The alarm called out again, and Wes groaned. He moved to silence it before rolling back over to face me.
Tucking a strand of my hair behind my ear, he said, “I’ve gotta get up, love. I wish I could just lie with you all morning, but—”
“You’re leaving,” I finished for him.
He nodded.
“Three days, right?”
“Three days,” he confirmed. He sat up, the sheet falling to his waist, and I had to do everything to keep from staring at the taut muscles of his back and smooth waistline. “I have to visit several towns that were attacked a few days ago.”
I sat up slowly, holding the blanket to my chest.
Towns had been attacked? A few days ago? I realized then that I had no idea what was going on. I’d been so wrapped up in my turmoil, I’d lost touch with what was happening beyond the walls of the estate.
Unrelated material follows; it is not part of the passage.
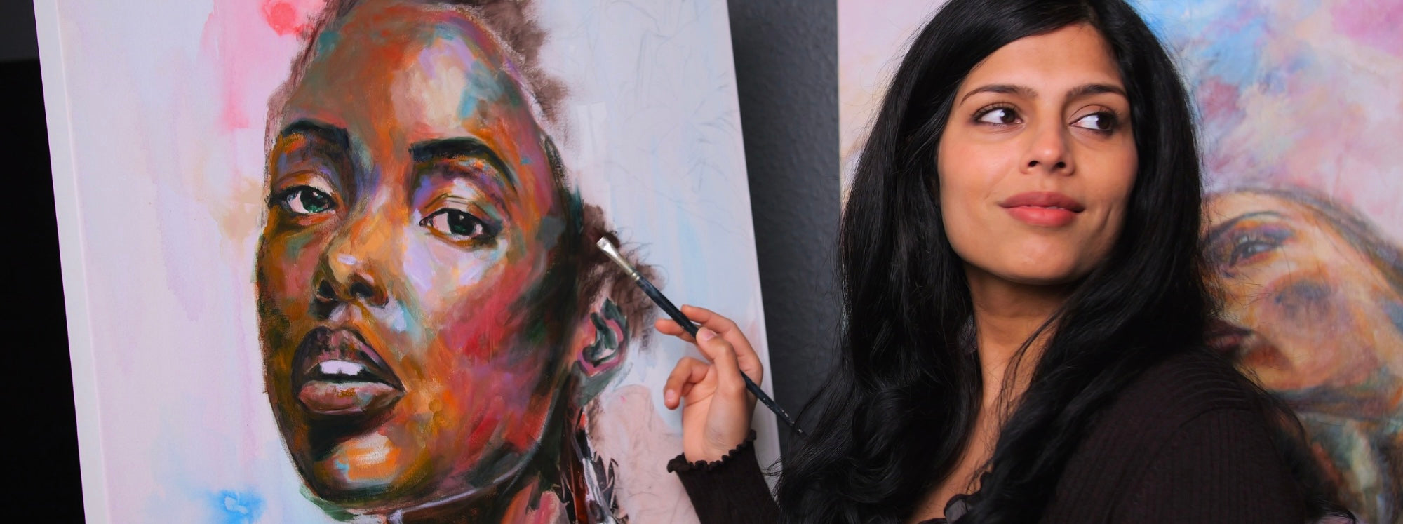 Sonias Reise in die Welt der Kunst begann bereits in ihrer Kindheit, als sie sich tief in das Zeichnen und Malen verliebte. Aufgewachsen in London, Großbritannien, zeichnete sie sich durch die Teilnahme an zahlreichen Kunstwettbewerben aus, die sie gewann, und stärkte so ihre Verbundenheit mit dem kreativen Ausdruck.

“ Several towns?” I frowned.
His body stiffened. “Yes.” One word. One syllable. One achy stab to the heart. “They struck a series of towns about five hundred miles from here.”
“ What? ” I couldn’t believe it. “What happened?”
Wes shifted in the bed to better face me. “It was a simultaneous attack—all three cities were assaulted at the same time in the middle of the damn day. By the time we figured out what was going on, it was too late.”
My jaw slackened. “Casualties?” I could barely say the word.
Wes grimaced, tipping his chin to his chest. “Schools”—my chest tightened—“hospitals”—my breath hitched—“all the soft targets”—my heart broke.
Schools filled with children.
Hospitals filled with the sick trying to heal.
“Look, I’ve got to get dressed, okay? But you can stay here as long as you’d like.” He leaned over and kissed my cheek. I looked at him, mind still spinning. “I’ll make sure to see you before I leave.”
Then he got out of bed and walked into his bathroom to shower. I sat there for a moment, my mind whirling like a tornado. Raúl attacked towns filled with civilians. And not just civilians, but children . The sick, weak, and dying.
Women. Children. Fathers. Mothers. Sisters. Brothers.
Jacob.
The memory hit me like a runaway train.
“They were kids! They just killed all those kids!” I had screamed at him. The carnage had been unreal.
So many little hands…
So many little faces…
So many lifeless eyes…
And blood.
I had frozen—become paralyzed—and I was so deeply afraid.
But Jacob took me into his arms. Forced me to look at him.
“And there’ll be more kids, Mara. And more kids after them.
And women, and babies, and families. This is just going to keep going, and it’s just going to get worse.
And that’s why we have to stop it… It’s got to end, Mara. And we’re going to finish it.”
It ends with us.
That’s what he told me. That’s what he said as he died in my arms.
And he was right. It had to end. This couldn’t keep going on like this.
Because Raúl was never going to stop, was he?
He was only ever going to continue to consume the nation until every faction was his.
And what about after that? With the power he wielded, what would keep him from taking control of other nations?
One by one, they would fall, succumbing to the power of NIT-V2. There would be no stopping it.
Jacob’s voice spoke so clearly in my head, it was like he was right there beside me. Finish it.
I took in a deep breath, feeling my inner fire burn hot and bright. “I will, Jacob. It’s gonna end. I’ll make sure of it.”